Third Piece of Analysis
This piece is taken from ‘Making It Up: Photographic Fictions’ which is being shown at the V&A.
This piece shows a white apartment complex reminiscent of the type of white building that can be seen in the Mediterranean. The building itself looks like a model. The scene is set at night-time and all the lights are on inside the building. The people who live there seem to have a decent standard of living since the building is in very good condition, they all have electricity, the windows have window boxes with flowers growing and there is some greenage around the building.

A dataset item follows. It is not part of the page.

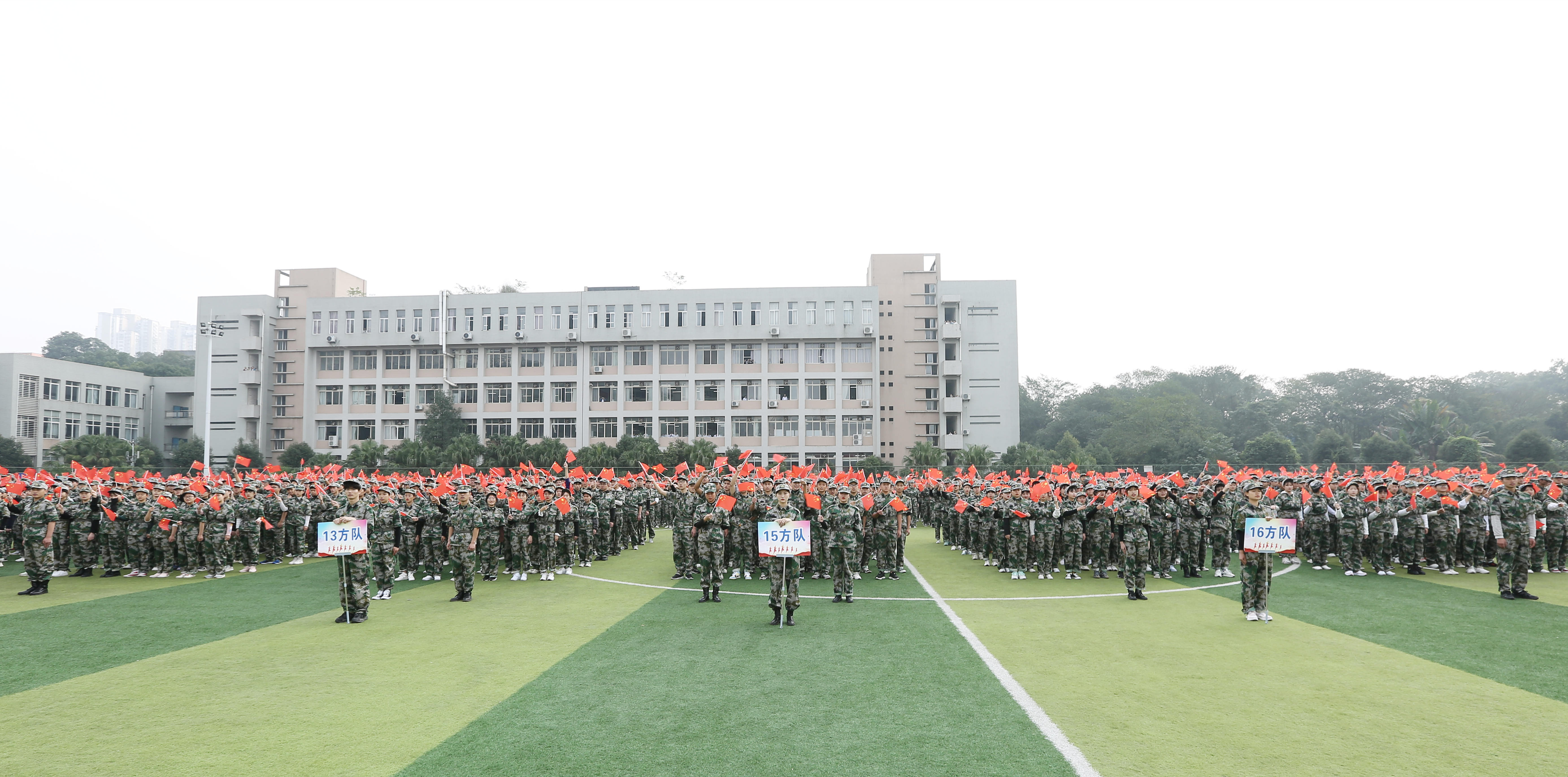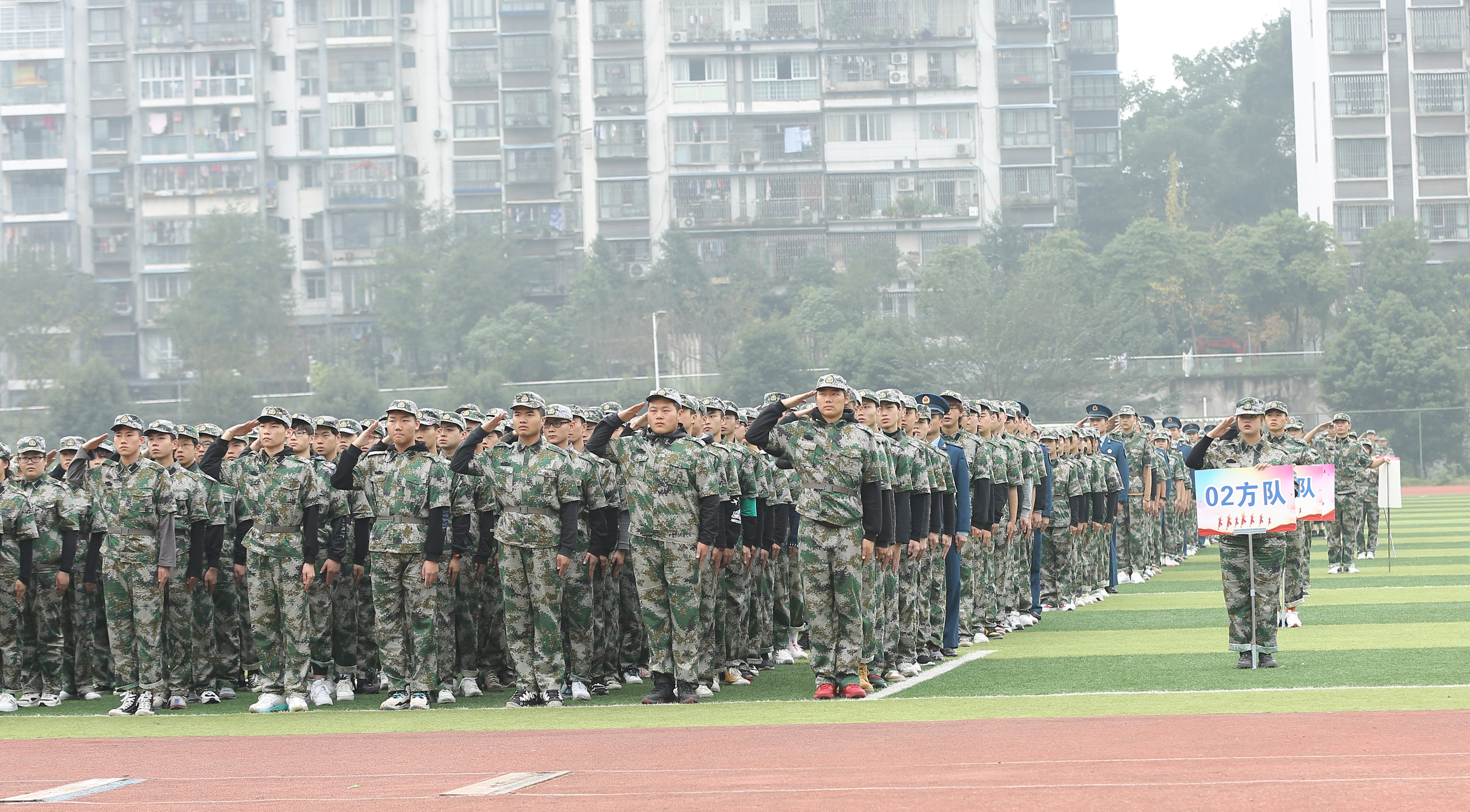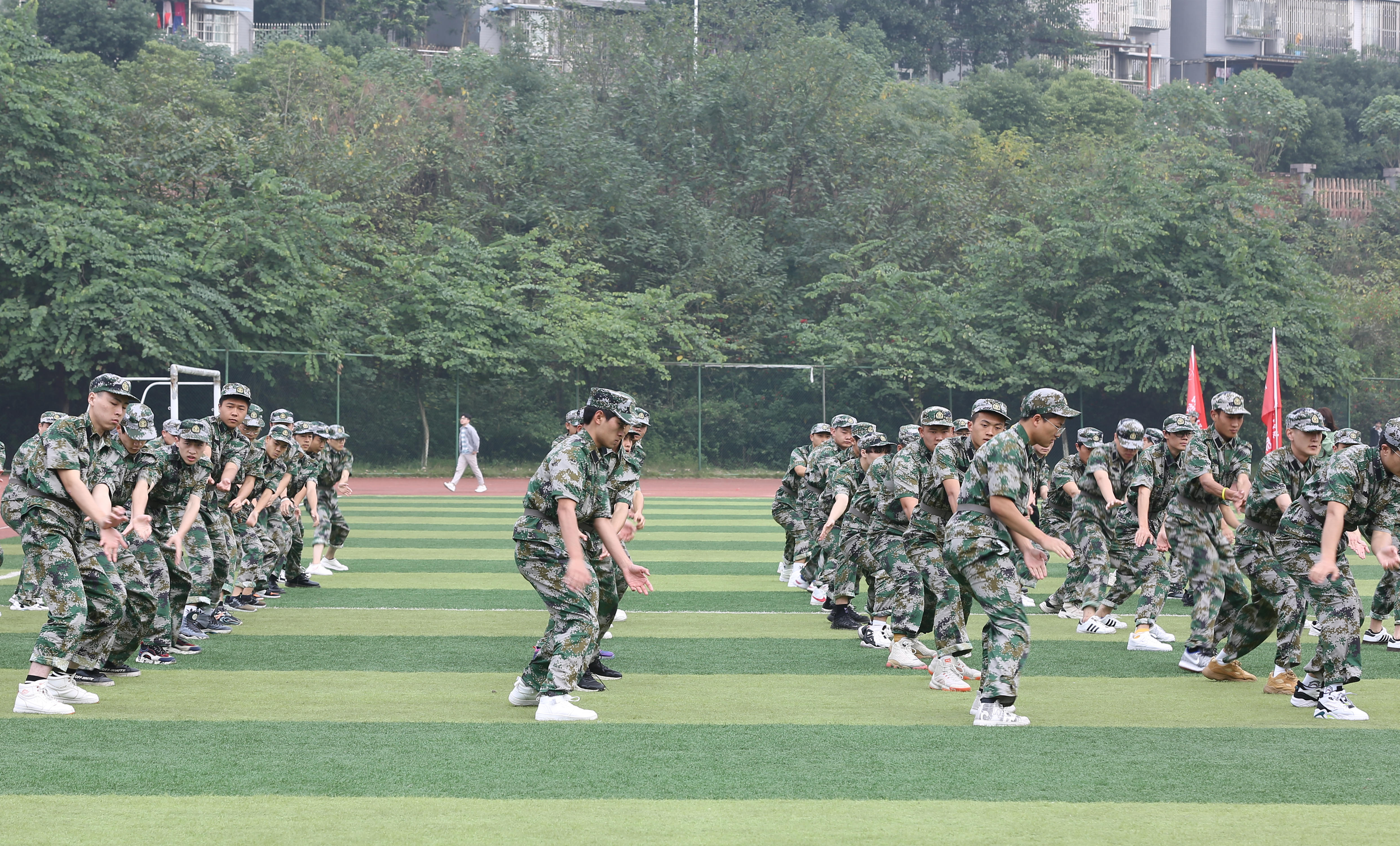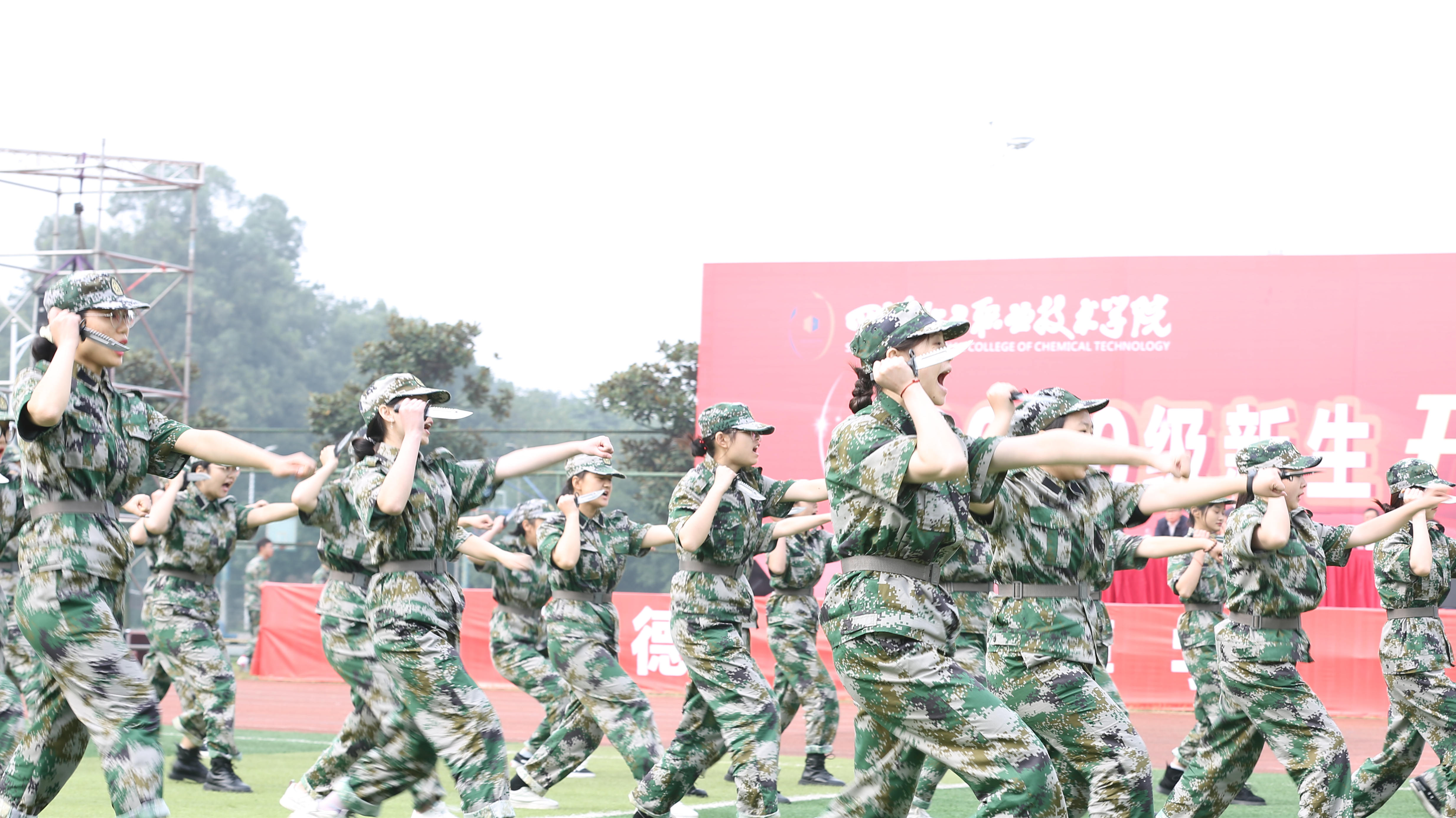 军训成果汇报表演中, 4000余名新生分为33个方队,他们精神抖擞,喊着嘹亮的口号,迈着整齐的步伐,昂首挺胸,依次正步走过主席台,接受检阅。整齐的队伍充满着蓬勃的朝气,坚定的步伐透露着胜利的信心,充分展示了四川化院学子的精神风貌。分列式表演结束后,各二级学院代表方队在教官的带领下分别进行队列会操比拼、军体拳、匕首操表演。表演军体拳的方队,步伐整齐,臂膀和拳头有力,阵势训练有素,尽显阳刚之气;表演匕首操的女生们神采奕奕、身形矫健,完美展现了巾帼不让须眉的精神面貌。

There is a woman standing on one of the balconies looking worried. She is dressed in a dressing gown. To her left there is a naked man climbing over the edge of the balcony holding onto his clothes. In his haste he has dropped his shoe. To the woman’s right there is a man who has just been dropped off by a car and is about to walk into the building. It appears that the woman is having an affair and is trying to avoid being caught. She is running a risk.
The text above is extremely helpful in explaining the meaning behind the piece. Without this explanation the viewer may have trouble realising exactly why the woman in this picture is acting in this, some might say, immoral and selfish way. The text explains that the woman has been driven to cheat on her husband because she is cut off from others. Perhaps she doesn’t know her neighbours. Neighbours and other residents are conspicuous in their absence; there is no one else in the image apart from the three of them. The car drops the man off in the darkness which shows that he finishes his day late and so is away from her for a long time. He may have chosen to socialise with others after work instead of coming home. Perhaps he isn’t happy either. Sitting at home all day with nothing to do and no one to talk to has driven her to look for attention outside of the man she lives with.
Urbanisation and industrialisation will, by their nature, change the way people live. China is going through massive changes. The woman may have been brought up in a culture where friends and family are continually in close proximity. It would be a big change to move into a modern apartment with strangers for neighbours. This may change the way she interprets her own identity. Before she knew and experienced herself through others. Now she has only herself. Moving away may feel like the emotional equivalent of having your arm amputated. Danwen is showing that there are downsides to development. Modern apartments look great but relocating people means the destruction of the culture that was there before.
My experience of the piece
I thought this was an example of tilt shift photography although I later found out that is incorrect. Tilt shift photography is when a picture is taken of a real scene, not a model and is then made to look like a model. I think the thing that confused me was that the figures in the picture looked very realistic and I wasn’t sure if they had been super imposed or not. After reading the text above which explains how the picture was made I now understand that the building is a model and the figures are images of real people who have been super imposed onto the image. Without the text to help me I am not sure I would have understood the entire meaning behind the piece.